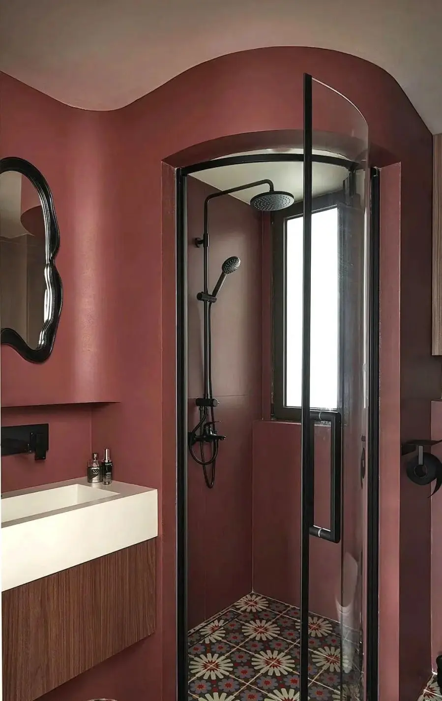 淋浴区的弧形墙是现场砌的,同样选用红色,达到完美的视觉效果,淋浴门顶部留有空隙,使得上面空气能够流通,保障洗浴时的安全。
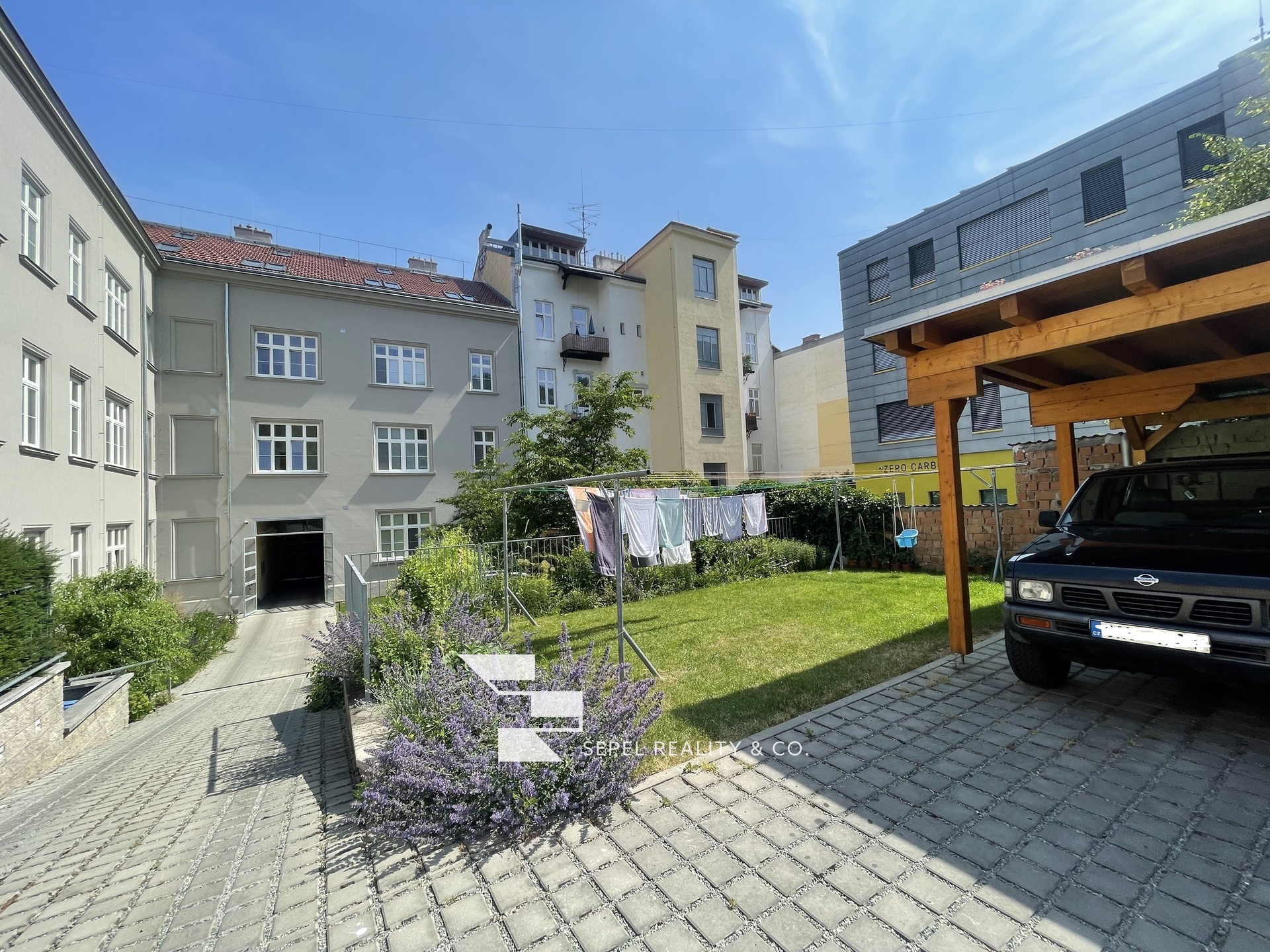 Byt se nachází v klasickém nájemním domě, k dispozici je i společná zahrada ve vnitrobloku s výhledem na Špilberg.
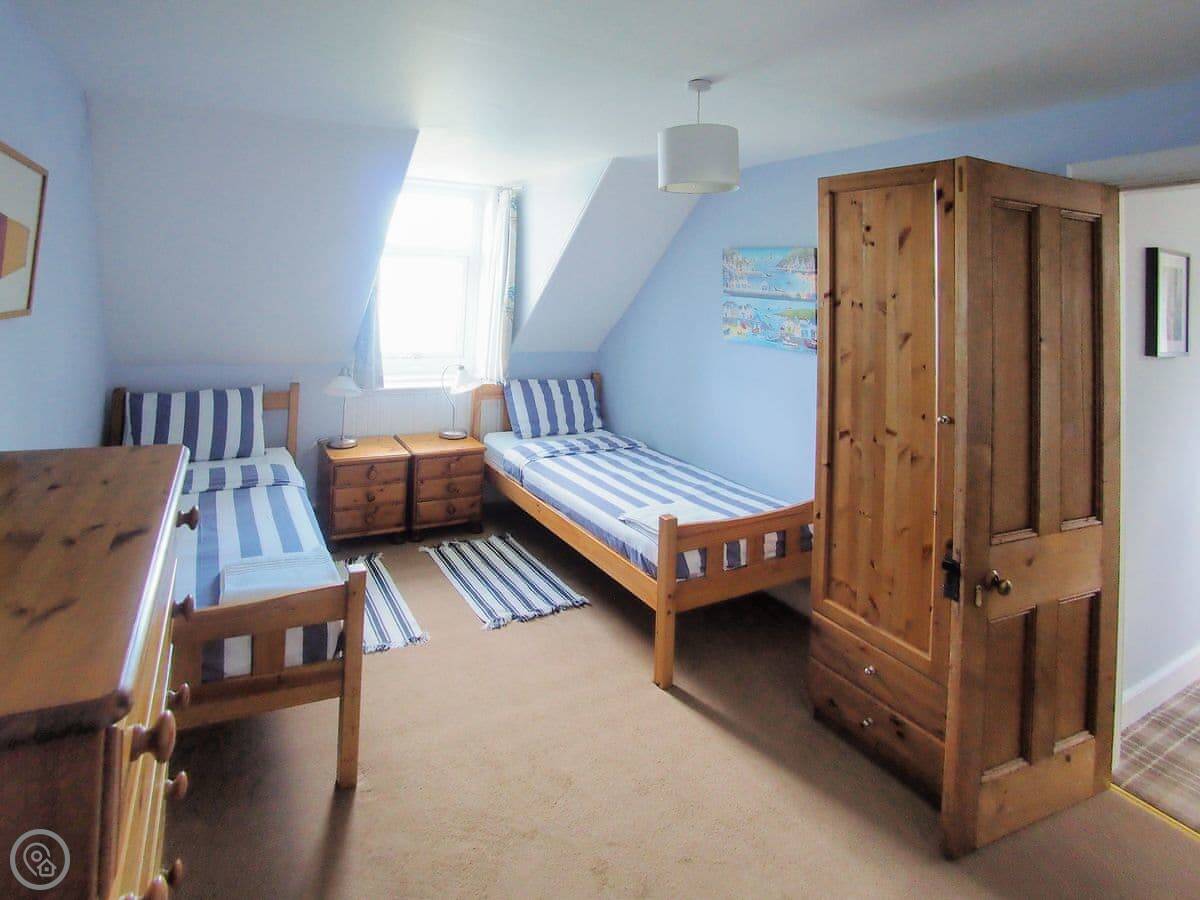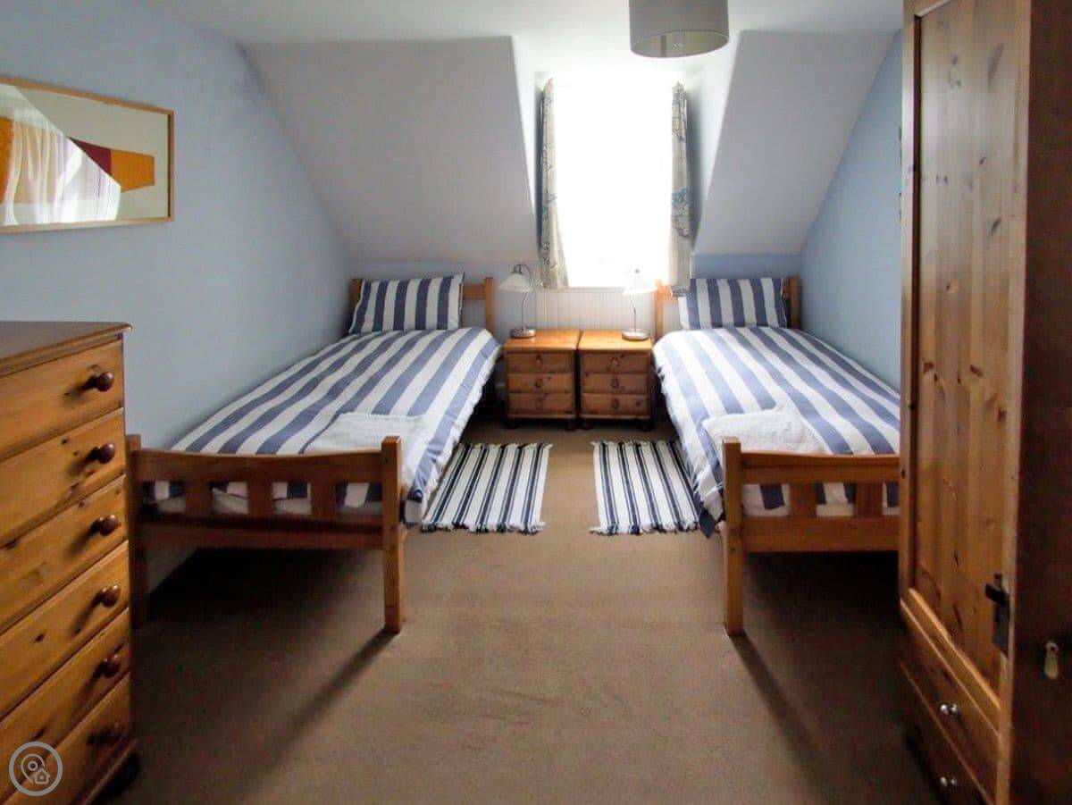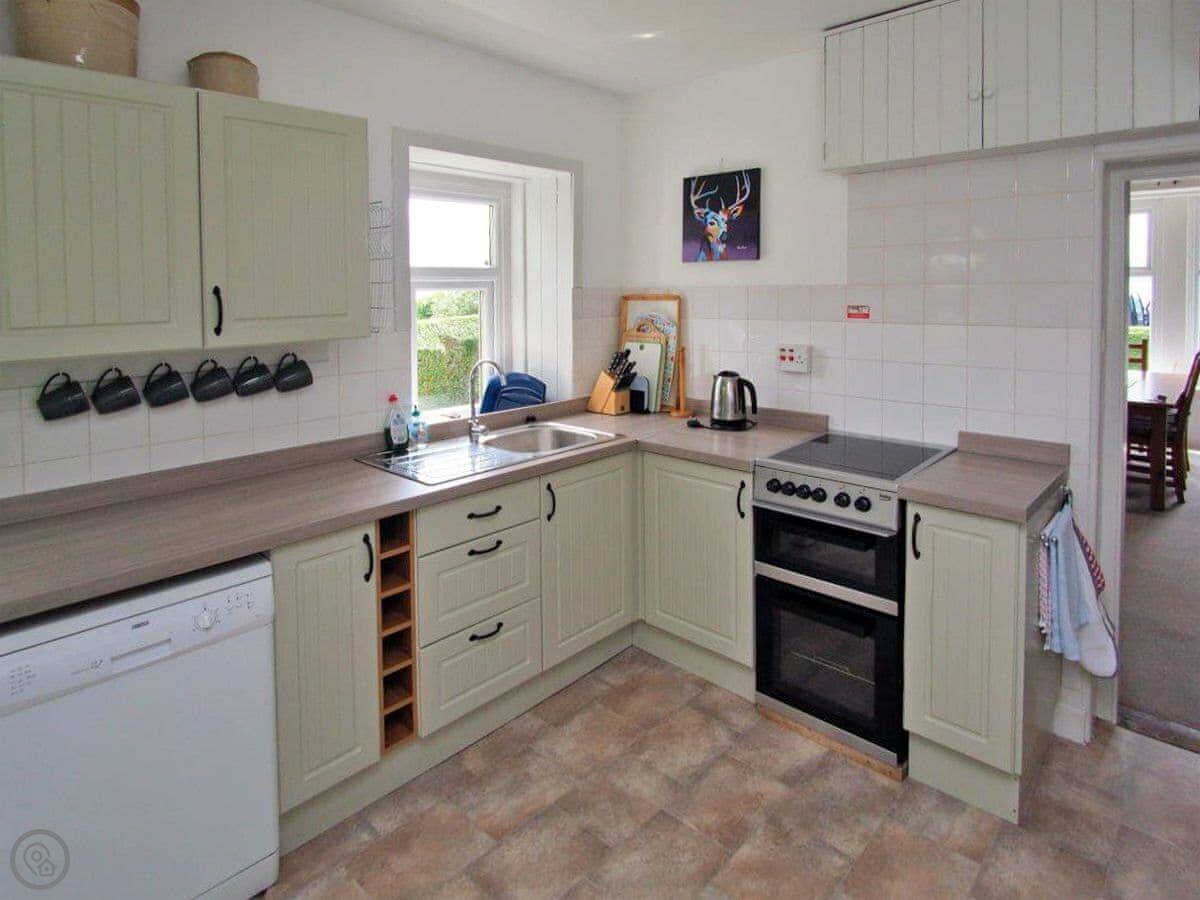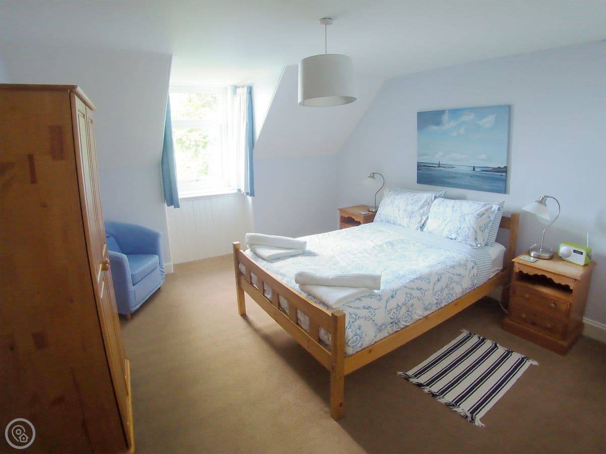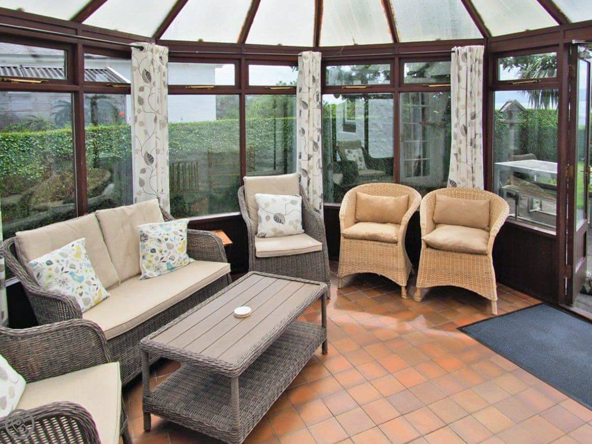 It sleeps seven in four bedrooms. There's one bathroom. It's got a 4 Star rating. The place is spacious and comfortable. A lot of the rooms face the sea, and the conservatory is good for watching the sun go down over the Kilbrannan Sound.

* [AIM OF THE EXERCISE]
Leaving all pictures aside, print exactly the lines from the one that contains "Byt se nachází" through the last line of the data above, inclusive.

* [REPLY TO THE EXERCISE]
 Byt se nachází v klasickém nájemním domě, k dispozici je i společná zahrada ve vnitrobloku s výhledem na Špilberg.
 It sleeps seven in four bedrooms. There's one bathroom. It's got a 4 Star rating. The place is spacious and comfortable. A lot of the rooms face the sea, and the conservatory is good for watching the sun go down over the Kilbrannan Sound.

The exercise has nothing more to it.